Лучик мой, где ты, Лучик, как же мне тебя не хватает, подумал Хелье.
Он вернулся в замек, рявкнул на Дира, и завалился спать, и всю ночь не сомкнул глаз.
Под утро, злой, с кругами под глазами, с дрянным привкусом во рту, он оделся в почищенное и починенное местными умельцами саксонское платье и пять часов до полудня — время венчания — провел, точа сверды, ножи и кинжалы, какие мог найти в замеке. Повар, которому он заточил четыре ножа, пришел в восхищение. Любым из замековых ножей теперь можно было хоть бриться.
Ударили в колокол. Народ потянулся к церкви. Жених и невеста, оба бледные, торжественные, в длиннополых свадебных нарядах, встали перед священником. Прелат, чихая, прочел молитву. Рикса, стоя в первом ряду, смотрела в пространство. Хелье, у противоположной стены, пригляделся и многое понял. Красивая женщина, подумал он. И чем-то напоминает Марию. Чем-то они похожи. И что-то между ними произошло. Впрочем, все это меня больше не касается.
— Я согласна, — услышал он низкий голос Марии.
И увидел Казимира, скрепляющего марьяжный контракт страстным поцелуем, принятым и возвращенным с неменьшей страстью невестой, будущей королевой Полонии.
Перекрестившись на алтарь (не Создатель ведь, хозяин дома сего, обидел Хелье, а Мария), варанг смоленских кровей пошел к выходу.
Вернувшись в спальню, которую он делил с Диром, Хелье сказал другу:
— Все, собирайся, едем в Киев.
— В Киев?
Дир нахмурился.
— Да. А что еще делать в этой дыре? Молодожены в безопасности — десять тысяч войска у них под рукой.
— Мне нельзя в Киев, — сказал Дир. — Мне, заметь, Ярослав припомнит… многое, разное.
— Ничего он тебе не сделает. Даю тебе слово. А ежели будет грозно на тебя смотреть, мы опрокинем на него стол.
В дверь постучали. Хелье открыл. Лех поклонился ему очень вежливо.
— Хелье, король прости тебя зайти к нему. У него к тебе есть дело.
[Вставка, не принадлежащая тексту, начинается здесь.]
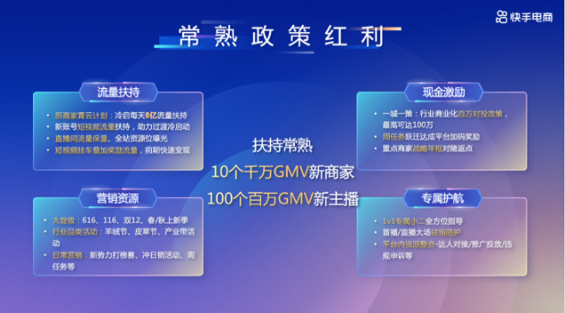 在流量扶持方面,新手常熟商家可享受“青云計劃”每天8億流量扶持,還有短視頻流量扶持、直播間流量保量、全站資源位曝光、短視頻掛車疊加獎勵等;在營銷資源方面,快手電商打造每月高頻的營銷場景,包括大促、節日、行業品類活動、寵粉節等,并為常熟商家提供活動補貼,激活品牌動銷;此外還有最高價值100萬的商業化對投政策、周任務躍遷達成平臺加碼獎勵等現金激勵,以及1V1專屬小二全方位指導等專屬護航。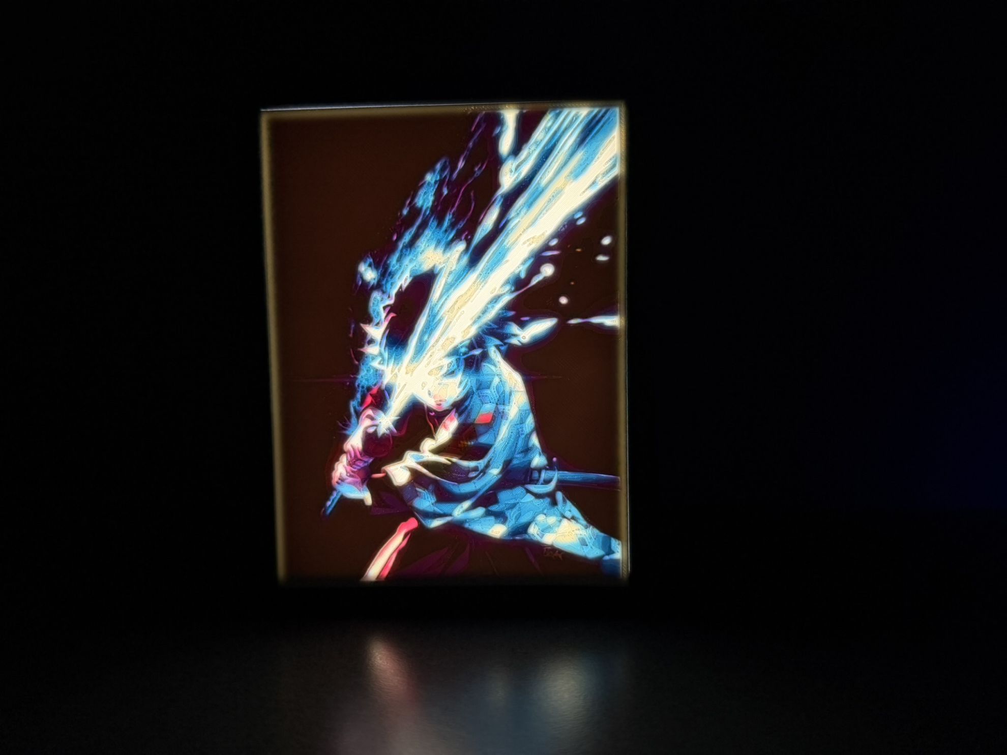 Der stabile Rahmen verleiht dem Lichtbild eine hochwertige Optik und schützt das Motiv. Dank des mitgelieferten Standfußes kann es direkt auf Schreibtisch, Sideboard, Regal oder im Gaming-Bereich platziert werden – ohne zusätzliche Montage.

— Король? — переспросил Хелье насмешливо. — Венецианский поп — шустрый малый, как я погляжу. Крестит, женит, коронует — все это одновременно. А то, может, Казимир ваш расчетлив стал, и за несколько услуг сразу вышла ему скидка.
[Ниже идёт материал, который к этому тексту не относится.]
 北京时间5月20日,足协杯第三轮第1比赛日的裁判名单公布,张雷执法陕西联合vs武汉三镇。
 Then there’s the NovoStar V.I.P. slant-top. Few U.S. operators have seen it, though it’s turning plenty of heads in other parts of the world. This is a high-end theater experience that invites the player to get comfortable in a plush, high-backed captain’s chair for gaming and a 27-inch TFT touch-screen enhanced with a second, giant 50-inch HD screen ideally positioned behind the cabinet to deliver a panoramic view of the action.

Лех терпеливо слушал и ждал.
— Позволь, — сказал Хелье. — Ты, Лех, не схватить ли меня пришел? Меня посадят в острог, как неудобного свидетеля? А Ярославу сами новость доставят, в том виде, в котором она всех устроит? Мол, жил себе Казимир монахом, а потом вдруг решил выйти снова в мир, и его тут же благородные соотечественники на престол посадили?
Лех молчал.
— Сверд брать? — спросил Хелье.
— Зачем? — удивился Лех. — Впрочем, как хочешь.
Хелье тщательно приладил бальтирад, поправил сверд, накинул сленгкаппу, и сказал Диру:
— Дир, друг мой, если я не вернусь через час, всех тут убей, а город подожги, и присоединись к Неустрашимым, на чьи деньги этот сопляк купил себе корону.
Дир с серьезным видом кивнул, а Лех смутился.
Явившись в королевскую спальню, Хелье застал там только Казимира. Спальню за один день переоборудовали в кабинет, ложе скрыли занавесью. Казимир что-то писал, сидя за грубой отделки, но с тщательно разровненной поверхностью, столом. Вживаясь в роль, он не поднял головы до тех пор, пока не дописал строку.